# Provided records:
--- START ---
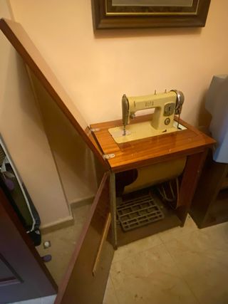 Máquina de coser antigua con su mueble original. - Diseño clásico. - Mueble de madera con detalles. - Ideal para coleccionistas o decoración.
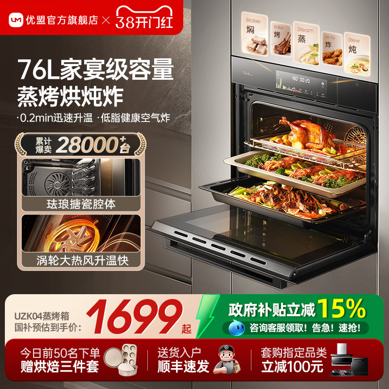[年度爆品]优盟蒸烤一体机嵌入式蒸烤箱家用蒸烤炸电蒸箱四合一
--- END ---
--- START ---
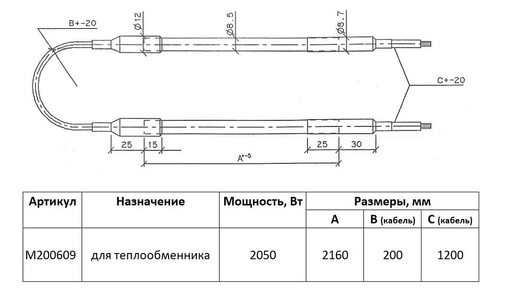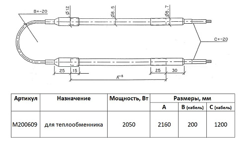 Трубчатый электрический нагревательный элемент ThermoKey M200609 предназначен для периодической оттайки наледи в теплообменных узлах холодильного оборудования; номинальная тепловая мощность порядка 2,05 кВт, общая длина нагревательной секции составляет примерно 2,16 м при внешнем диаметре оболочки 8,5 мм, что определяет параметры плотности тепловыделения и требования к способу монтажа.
--- END ---
--- START ---
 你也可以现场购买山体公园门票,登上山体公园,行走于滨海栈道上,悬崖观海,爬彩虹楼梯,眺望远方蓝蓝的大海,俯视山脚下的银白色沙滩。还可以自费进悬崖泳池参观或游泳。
--- END ---
# Problem to work on:
In the listing above, find the line with "Máquina de coser" and the line with "[年度爆品]优盟蒸烤一体机嵌入式蒸烤箱家用蒸烤炸电蒸箱四合一". Set down both and every line between them, minus the pictures.

# Answer area:
 Máquina de coser antigua con su mueble original. - Diseño clásico. - Mueble de madera con detalles. - Ideal para coleccionistas o decoración.
[年度爆品]优盟蒸烤一体机嵌入式蒸烤箱家用蒸烤炸电蒸箱四合一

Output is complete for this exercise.